When you reach a picture, pass over it; otherwise repeat the listing word for word.

COLLECTED MATERIAL
..............................
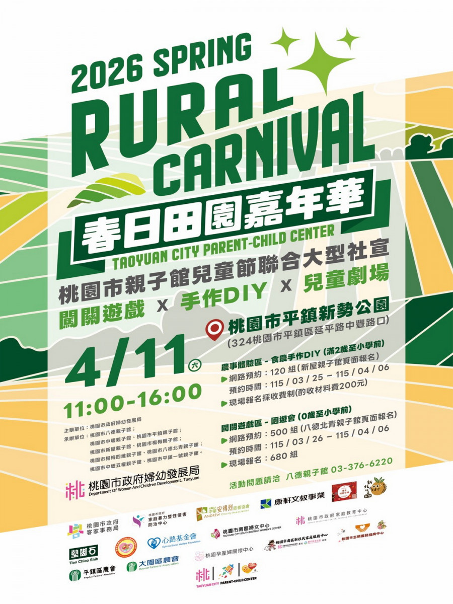 桃園4月兒童月熱鬧登場!為讓親子共度溫馨又歡樂的時光,桃園市25處親子館及復興親子車,精心推出各具特色的親子活動與闖關體驗遊程,內容精彩多樣,讓0至6歲幼兒及家長都能就近參與、盡情同樂。誠摯...
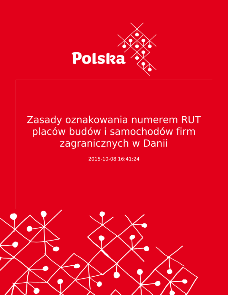 Zasady oznakowania numerem RUT placów budów i samochodów firm zagranicznych w Danii 2015-10-08 16:41:24 2 Firma nie ma obowiązku wystawiania tablicy na placu budowy i oznakowania pojazdu zagranicznego, który jest wykorzystywany do działalności gospodarczej przez firmę zagraniczną na terenie Danii. Tablice informacyjne na budowach Zgodnie z § 78 duńskiej Ustawy o VAT Nr 106 z 23.01.2013, której tekst w języku duńskim dostępny jest na stronie https://www.retsinformation.dk/Forms/r0710.aspx?id=144991, na budowach (na terenie prywatnym), na którym firma stawia nową konstrukcję lub/ i wykonuje remont, modernizuje, przebudowuje itp. nieruchomość, firma zagraniczna zobowiązana jest umieścić tablicę infomacyjną, na której będzie widniała nazwa firmy i jej numer z rejestru RUT, a firma duńska odpowiednio swoją nazwę i numer CVR. Tablica musi być umieszczona na takiej wysokości, aby możliwe było odczytanie informacji znajdujących się na niej z publicznie dostępnej drogi. Nie istnieją wymogi określające wielkość, wymiary, typ tablicy itp. Ważne, żeby tablica była widoczna w okresie, w którym firma prowadzi prace na budowie. Jeśli w tym samym czasie na budowie jest więcej firm, które wykonują prace, firmy te mogą mieć wspólną tablicę. Wtedy na tablicy musi być umieszczona nazwa każdej firmy i jej numer. Firma nie ma obowiązku wystawiania tablicy, jeżeli spełniony jest chociaż jeden z poniższych warunków: 1. 2. 3. 4. prace mogą być wykonane w ciągu jednego dnia roboczego, prace budowlane prowadzone są na terenie publicznym, jeśli wartość kontraktu nie przekracza 50.000 DKK łącznie z VAT, oznakowanie nie jest możliwe, ponieważ praca wykonywana jest na budowie obok bloku mieszkalnego na terenie o gęstej zabudowie. Oznakowanie pojazdów firm zagranicznych Zgodnie z § 7, pkt 7 Ustawy o rejestracji samochodu Nr 16 z 01.09.2013, której tekst w języku duńskim dostępny jest na stronie https://www.retsinformation.dk/Forms/r0710.aspx?id=144991 pojazd zagraniczny, który jest wykorzystywany do działalności gospodarczej przez firmę zagraniczną na terenie Danii, musi mieć widoczne udokumentowane numery z rejestracji firmy w systemie RUT, umieszczone za przednią szybą samochodu. Źródło: Duński Urząd Działalności Gospodarczej, lipiec 2014 3
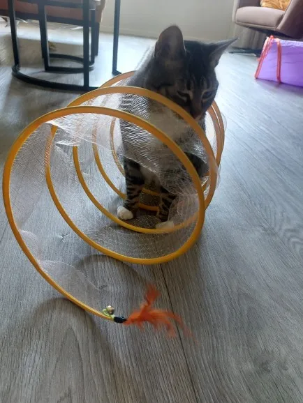 Compré este túnel para mis dos gatos, y ha sido la mejor inversión en juguetes para ellos. En cuanto al pedido, recibí muy buena atención, gracias por eso!
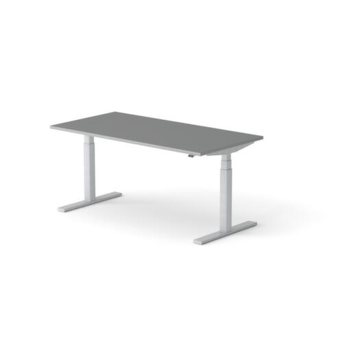 blad van spaanplaat met onderhoudsvriendelijke melamineharscoating in decor MS Slate. plaatvorm rechthoekig. T-voetonderstel in RAL9006 blank aluminiumkleurig. hoogteverstelling door elektromotor met handschakelaar en display. functies: Opslaan en automatisch oproepen van geprogrammeerde tafelhoogtes dankzij memoryfunctie. met eurostekker.
..............................
THE ANSWER
 桃園4月兒童月熱鬧登場!為讓親子共度溫馨又歡樂的時光,桃園市25處親子館及復興親子車,精心推出各具特色的親子活動與闖關體驗遊程,內容精彩多樣,讓0至6歲幼兒及家長都能就近參與、盡情同樂。誠摯...
 Zasady oznakowania numerem RUT placów budów i samochodów firm zagranicznych w Danii 2015-10-08 16:41:24 2 Firma nie ma obowiązku wystawiania tablicy na placu budowy i oznakowania pojazdu zagranicznego, który jest wykorzystywany do działalności gospodarczej przez firmę zagraniczną na terenie Danii. Tablice informacyjne na budowach Zgodnie z § 78 duńskiej Ustawy o VAT Nr 106 z 23.01.2013, której tekst w języku duńskim dostępny jest na stronie https://www.retsinformation.dk/Forms/r0710.aspx?id=144991, na budowach (na terenie prywatnym), na którym firma stawia nową konstrukcję lub/ i wykonuje remont, modernizuje, przebudowuje itp. nieruchomość, firma zagraniczna zobowiązana jest umieścić tablicę infomacyjną, na której będzie widniała nazwa firmy i jej numer z rejestru RUT, a firma duńska odpowiednio swoją nazwę i numer CVR. Tablica musi być umieszczona na takiej wysokości, aby możliwe było odczytanie informacji znajdujących się na niej z publicznie dostępnej drogi. Nie istnieją wymogi określające wielkość, wymiary, typ tablicy itp. Ważne, żeby tablica była widoczna w okresie, w którym firma prowadzi prace na budowie. Jeśli w tym samym czasie na budowie jest więcej firm, które wykonują prace, firmy te mogą mieć wspólną tablicę. Wtedy na tablicy musi być umieszczona nazwa każdej firmy i jej numer. Firma nie ma obowiązku wystawiania tablicy, jeżeli spełniony jest chociaż jeden z poniższych warunków: 1. 2. 3. 4. prace mogą być wykonane w ciągu jednego dnia roboczego, prace budowlane prowadzone są na terenie publicznym, jeśli wartość kontraktu nie przekracza 50.000 DKK łącznie z VAT, oznakowanie nie jest możliwe, ponieważ praca wykonywana jest na budowie obok bloku mieszkalnego na terenie o gęstej zabudowie. Oznakowanie pojazdów firm zagranicznych Zgodnie z § 7, pkt 7 Ustawy o rejestracji samochodu Nr 16 z 01.09.2013, której tekst w języku duńskim dostępny jest na stronie https://www.retsinformation.dk/Forms/r0710.aspx?id=144991 pojazd zagraniczny, który jest wykorzystywany do działalności gospodarczej przez firmę zagraniczną na terenie Danii, musi mieć widoczne udokumentowane numery z rejestracji firmy w systemie RUT, umieszczone za przednią szybą samochodu. Źródło: Duński Urząd Działalności Gospodarczej, lipiec 2014 3
 Compré este túnel para mis dos gatos, y ha sido la mejor inversión en juguetes para ellos. En cuanto al pedido, recibí muy buena atención, gracias por eso!
 blad van spaanplaat met onderhoudsvriendelijke melamineharscoating in decor MS Slate. plaatvorm rechthoekig. T-voetonderstel in RAL9006 blank aluminiumkleurig. hoogteverstelling door elektromotor met handschakelaar en display. functies: Opslaan en automatisch oproepen van geprogrammeerde tafelhoogtes dankzij memoryfunctie. met eurostekker.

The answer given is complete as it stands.